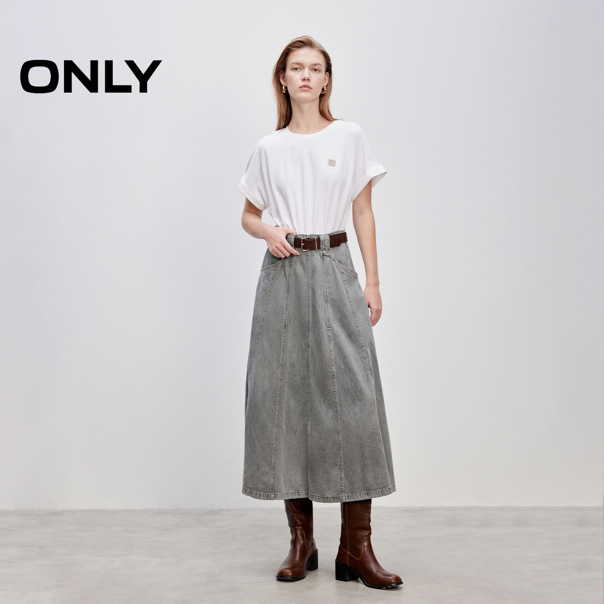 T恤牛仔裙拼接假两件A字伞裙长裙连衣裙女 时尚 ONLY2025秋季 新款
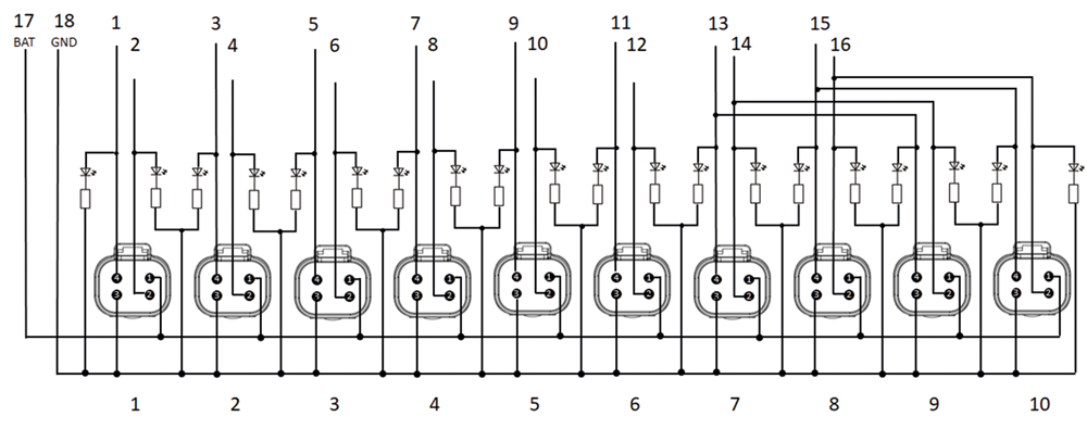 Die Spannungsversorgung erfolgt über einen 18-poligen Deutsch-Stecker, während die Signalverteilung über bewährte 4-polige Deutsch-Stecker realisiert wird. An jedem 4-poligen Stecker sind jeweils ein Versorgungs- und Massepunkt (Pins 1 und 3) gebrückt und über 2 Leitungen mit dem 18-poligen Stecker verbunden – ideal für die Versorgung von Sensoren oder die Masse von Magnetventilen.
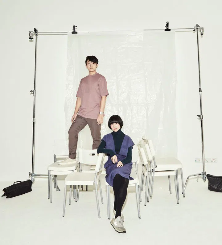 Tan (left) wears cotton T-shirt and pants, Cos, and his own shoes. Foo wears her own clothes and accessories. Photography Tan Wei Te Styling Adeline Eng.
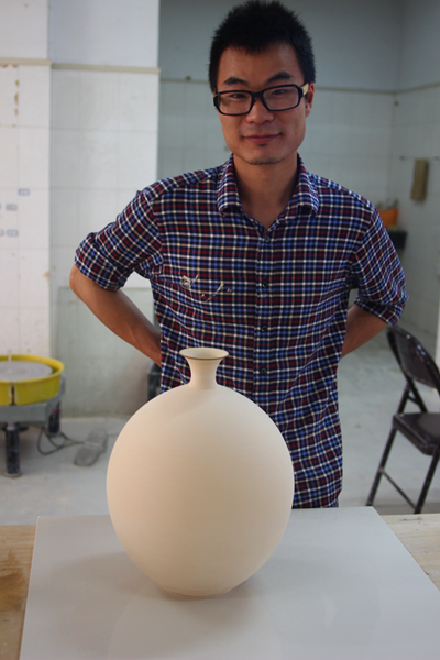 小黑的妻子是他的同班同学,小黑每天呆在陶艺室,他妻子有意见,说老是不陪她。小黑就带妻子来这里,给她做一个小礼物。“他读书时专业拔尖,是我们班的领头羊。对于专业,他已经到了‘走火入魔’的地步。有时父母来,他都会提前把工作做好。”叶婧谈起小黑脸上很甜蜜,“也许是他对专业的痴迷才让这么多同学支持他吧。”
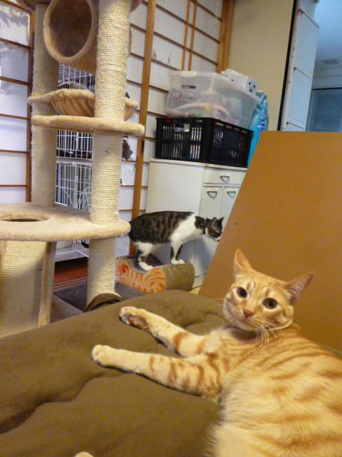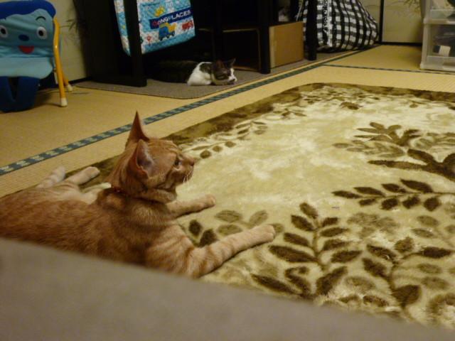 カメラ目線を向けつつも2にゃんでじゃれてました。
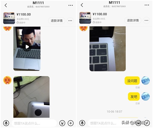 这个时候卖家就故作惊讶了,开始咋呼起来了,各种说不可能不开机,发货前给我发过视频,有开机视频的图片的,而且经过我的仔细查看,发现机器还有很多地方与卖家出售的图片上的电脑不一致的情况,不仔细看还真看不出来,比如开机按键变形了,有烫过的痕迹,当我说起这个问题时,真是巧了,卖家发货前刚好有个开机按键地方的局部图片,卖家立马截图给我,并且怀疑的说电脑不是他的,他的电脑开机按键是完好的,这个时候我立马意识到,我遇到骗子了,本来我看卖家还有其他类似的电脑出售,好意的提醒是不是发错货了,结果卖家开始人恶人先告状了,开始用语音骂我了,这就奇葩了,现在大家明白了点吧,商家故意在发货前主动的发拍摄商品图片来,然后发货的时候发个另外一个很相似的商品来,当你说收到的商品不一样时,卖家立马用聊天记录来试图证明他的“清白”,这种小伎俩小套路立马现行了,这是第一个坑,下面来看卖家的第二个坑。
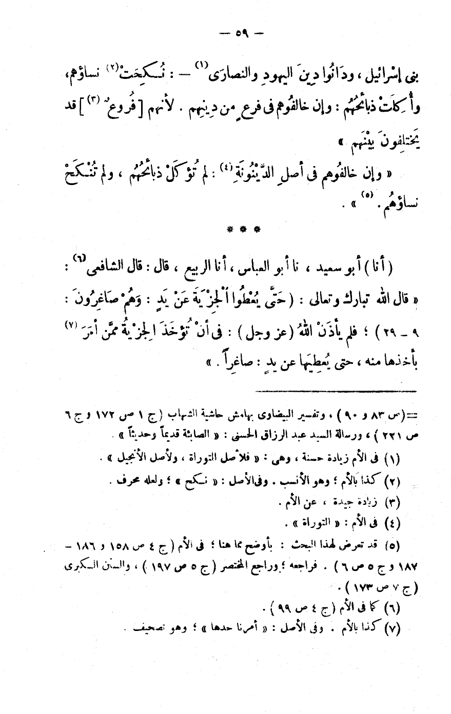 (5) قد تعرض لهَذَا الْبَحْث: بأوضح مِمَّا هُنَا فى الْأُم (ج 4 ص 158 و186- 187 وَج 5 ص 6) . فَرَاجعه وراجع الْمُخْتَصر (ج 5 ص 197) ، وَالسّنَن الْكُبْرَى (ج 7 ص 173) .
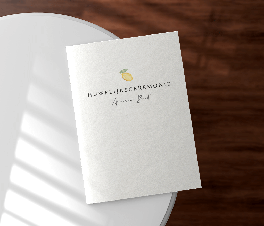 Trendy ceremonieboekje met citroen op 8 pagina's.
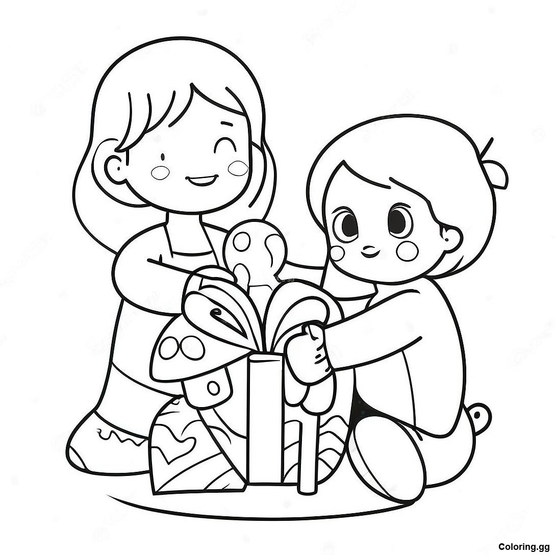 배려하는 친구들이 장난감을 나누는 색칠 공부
####
▶ _Task goal_
Skipping every picture, transcribe exactly the lines above from the one containing "Die Spannungsversorgung erfolgt" through the one containing "这个时候卖家就故作惊讶了,开", both included.

▶ _Result of the exercise_
 Die Spannungsversorgung erfolgt über einen 18-poligen Deutsch-Stecker, während die Signalverteilung über bewährte 4-polige Deutsch-Stecker realisiert wird. An jedem 4-poligen Stecker sind jeweils ein Versorgungs- und Massepunkt (Pins 1 und 3) gebrückt und über 2 Leitungen mit dem 18-poligen Stecker verbunden – ideal für die Versorgung von Sensoren oder die Masse von Magnetventilen.
 Tan (left) wears cotton T-shirt and pants, Cos, and his own shoes. Foo wears her own clothes and accessories. Photography Tan Wei Te Styling Adeline Eng.
 小黑的妻子是他的同班同学,小黑每天呆在陶艺室,他妻子有意见,说老是不陪她。小黑就带妻子来这里,给她做一个小礼物。“他读书时专业拔尖,是我们班的领头羊。对于专业,他已经到了‘走火入魔’的地步。有时父母来,他都会提前把工作做好。”叶婧谈起小黑脸上很甜蜜,“也许是他对专业的痴迷才让这么多同学支持他吧。”
 カメラ目線を向けつつも2にゃんでじゃれてました。
 这个时候卖家就故作惊讶了,开始咋呼起来了,各种说不可能不开机,发货前给我发过视频,有开机视频的图片的,而且经过我的仔细查看,发现机器还有很多地方与卖家出售的图片上的电脑不一致的情况,不仔细看还真看不出来,比如开机按键变形了,有烫过的痕迹,当我说起这个问题时,真是巧了,卖家发货前刚好有个开机按键地方的局部图片,卖家立马截图给我,并且怀疑的说电脑不是他的,他的电脑开机按键是完好的,这个时候我立马意识到,我遇到骗子了,本来我看卖家还有其他类似的电脑出售,好意的提醒是不是发错货了,结果卖家开始人恶人先告状了,开始用语音骂我了,这就奇葩了,现在大家明白了点吧,商家故意在发货前主动的发拍摄商品图片来,然后发货的时候发个另外一个很相似的商品来,当你说收到的商品不一样时,卖家立马用聊天记录来试图证明他的“清白”,这种小伎俩小套路立马现行了,这是第一个坑,下面来看卖家的第二个坑。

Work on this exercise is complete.